Les grandes vacances approchent et, cette année encore, il est grand temps de songer à un plan pour éviter de passer deux semaines entières chez sa belle-famille. Ce qui signifie trouver une destination et, bien souvent, l’hébergement qui va avec. Les nuits à l’hôtel sont synonymes de (au moins) deux plaisirs un peu honteux : ne pas devoir faire son lit, d’une part, et profiter d’un buffet de petit-déjeuner à volonté d’autre part. Alors que notre ordinaire se satisfait pleinement de deux tartines et d’un café, voire d’un jus d’orange maison et d’une viennoiserie ou d’un muesli pour les plus motivés, rares sont ceux qui résisteront aux débauches de calories proposées en offrande sacrificielle aux adeptes du voyage.
Pourtant, à part sur l’autoroute A31 un vendredi soir, il y a peu d’autres endroits où l’on peut se surprendre à détester autant son prochain. Les raisons de commencer sa journée de mauvaise humeur semblent aussi variées que le choix de victuailles qui nous sont proposées pour rompre le jeûne. De la machine à café désespérément lente, à l’impatient Anglais qui se rue sur les tranches de bacon sans attendre son tour, vous savez que la réussite de votre petit-déjeuner dépend d’orientations stratégiques qui laissent peu de place à l’improvisation. Il faut distinguer ce qui a l’air vraiment bon de ce qui vous fait envie mais que vous regretterez à votre prochain passage sur la balance ou chez le médecin, et, surtout, détecter les plateaux sur lesquels ne restent que quelques morceaux défraîchis et vont bientôt être renouvelés, créant un tsunami à côté duquel la ruée sur les transats à l’heure de l’ouverture de la piscine fera office d’aimable bousculade.

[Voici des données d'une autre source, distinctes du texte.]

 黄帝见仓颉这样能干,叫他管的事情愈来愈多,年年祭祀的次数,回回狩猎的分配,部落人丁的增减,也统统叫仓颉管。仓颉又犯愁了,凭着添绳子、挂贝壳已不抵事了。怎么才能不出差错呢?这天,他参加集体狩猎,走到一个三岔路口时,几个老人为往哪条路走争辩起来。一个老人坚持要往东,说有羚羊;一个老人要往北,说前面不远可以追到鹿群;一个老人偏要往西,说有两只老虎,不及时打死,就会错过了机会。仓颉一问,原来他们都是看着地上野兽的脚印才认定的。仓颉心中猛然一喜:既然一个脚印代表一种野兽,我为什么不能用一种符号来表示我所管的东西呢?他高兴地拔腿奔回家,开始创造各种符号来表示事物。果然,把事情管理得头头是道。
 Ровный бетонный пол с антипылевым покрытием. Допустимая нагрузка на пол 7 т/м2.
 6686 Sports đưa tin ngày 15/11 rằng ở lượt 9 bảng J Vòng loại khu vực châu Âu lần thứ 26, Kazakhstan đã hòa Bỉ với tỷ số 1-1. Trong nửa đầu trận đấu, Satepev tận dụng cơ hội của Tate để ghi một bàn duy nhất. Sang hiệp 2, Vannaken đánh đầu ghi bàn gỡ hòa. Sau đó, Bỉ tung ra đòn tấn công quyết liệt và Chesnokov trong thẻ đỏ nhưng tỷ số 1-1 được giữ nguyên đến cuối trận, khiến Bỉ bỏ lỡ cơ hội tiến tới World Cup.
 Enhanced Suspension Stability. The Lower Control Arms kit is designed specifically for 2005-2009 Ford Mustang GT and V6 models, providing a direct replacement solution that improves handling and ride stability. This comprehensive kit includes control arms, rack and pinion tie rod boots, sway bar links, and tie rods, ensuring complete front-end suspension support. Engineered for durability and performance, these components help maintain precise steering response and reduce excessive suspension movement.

L’enfer ne se limite pas qu’au buffet. Le choix de la table doit satisfaire des besoins a priori incompatibles : être isolé mais pas trop éloigné de la nourriture, ne pas se trouver dans un lieu de passage où l’on serait à la merci d’une assiette renversée, disposer d’un espace suffisant pour que le voisin de derrière ne percute pas votre chaise à chaque fois qu’il se lève et, évidemment, être d’une propreté irréprochable. Il est inconcevable de s’asseoir à une place avec un simple rond de café sur le set en papier, comme si vous ne comptiez pas vous-même recouvrir l’endroit de tâches de gras, de traces de liquide divers et de miettes en tous genre. Et surtout, si possible, retrouver la même place tous les matins, pour éviter de perdre tous ses repères.

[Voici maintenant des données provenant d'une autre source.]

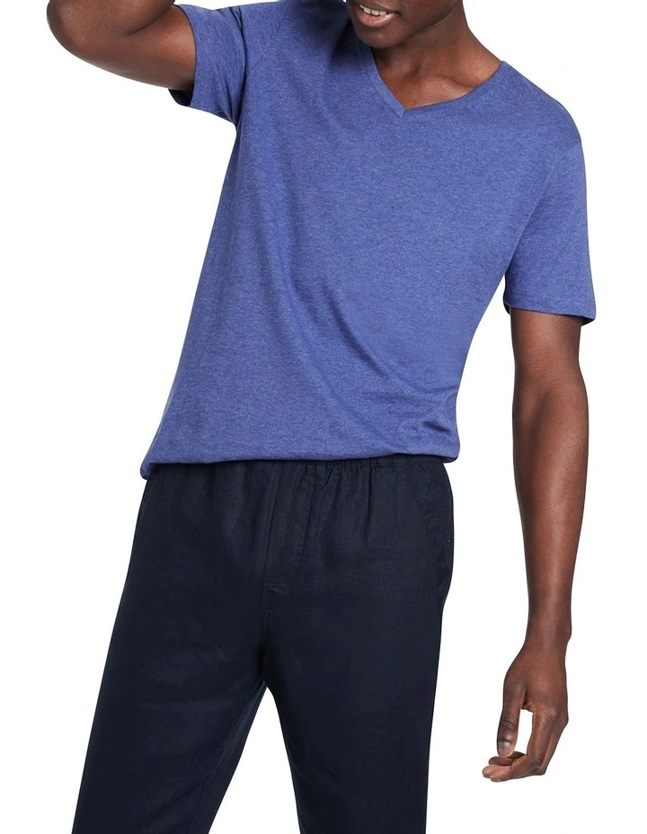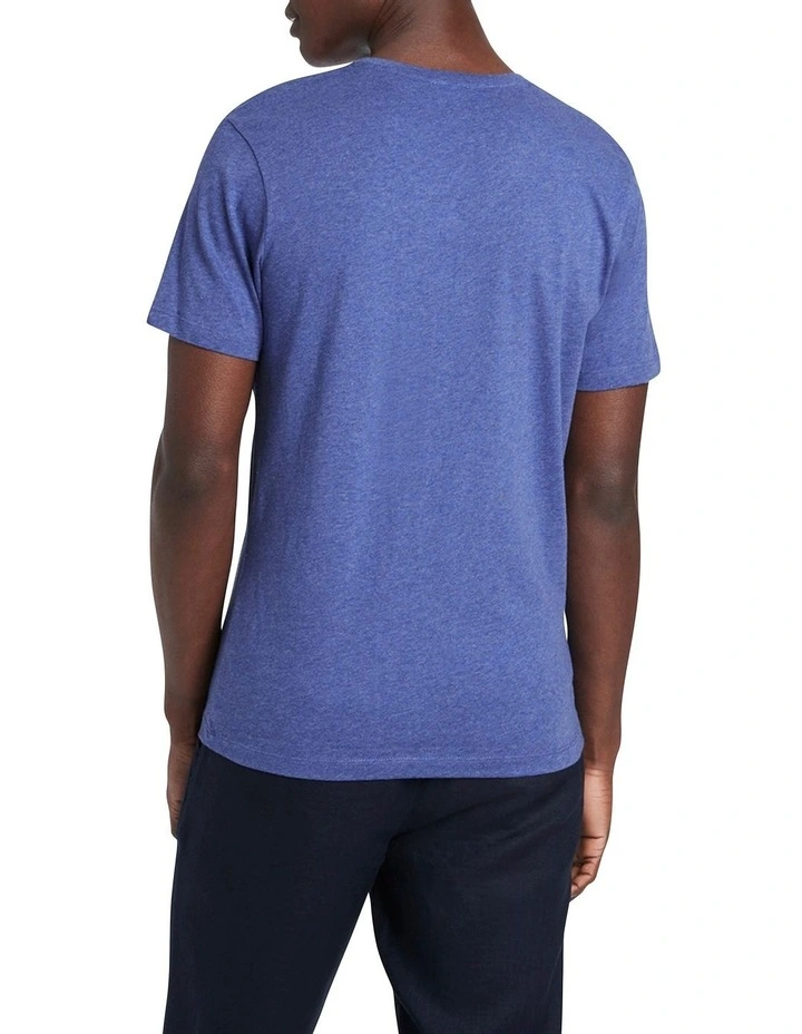 As a go-to basic you will want in every colour, this tee reveals flattering slim shaping through the body, complete with classic short tee sleeves and an open V-neckline. Showing off a soft marle effect within rich denim blue, the tee keeps you cool in super soft cotton, which remains lightweight and breathable even as temps start to rise.

Ensuite, vous avez le choix entre vous occuper des plateaux de vos gamins, et boire votre café froid si vous ne voulez pas faire de nouveau quinze minutes de queue, ou les laisser se débrouiller, pour constater, désespéré, que votre petit dernier n’a pas faim maintenant, et ne termine pas sa demi banane, alors que dans deux heures il pourra dévorer trois bols de Chocapics et cinq ou six tartines. Pour passer le temps, une fois assis, on pourra bien sûr se distraire en observant ceux qui veulent rentabiliser leurs 28 euros et préparent des sandwichs clandestins, qu’ils planqueront dans le sac à main de madame. Une petite odeur de charcuterie qui vous remonte dans les sinus chaque fois que vous cherchez votre token Luxtrust constituera certainement un souvenir de vacances aussi original que durable.
Le plus haut degré sur l’échelle de Richter du petit-déjeuner est sans doute atteint au parc Disneyland. Il faut se lever aux aurores pour espérer arriver à l’ouverture des hostilités. Ensuite, après quarante minutes d’attente le ventre creux, il faut manger le plus vite possible pour profiter des attractions avant l’ouverture du parc au grand public. Si vous avez échappé au burn out sur votre lieu de travail, préparez-vous à une nouvelle épreuve pendant vos vacances…
Rescapés de la pandémie de covid-19 et de la prétendue fin de l’ère de l’abondance, les buffets sont désormais l’un des rares endroits où s’exprime pleinement notre volonté. Je fourre mon croissant avec de la confiture de fraise et une tranche de jambon si cela me chante. Mon plateau est mon espace de liberté. Le paradoxe est ainsi entier : bénéficier d’un buffet dont les prodigalités doivent être partagées avec des inconnus. Il n’y a certainement qu’en vacances qu’on est prêts à accepter un tel degré de vie en communauté : après le voyage en avion, et avant la visite au musée ou la journée à la plage, le repas du matin s’inscrit parfaitement dans la logique du tourisme de masse. Ne pas s’y plier, c’est aussi une question... de volonté.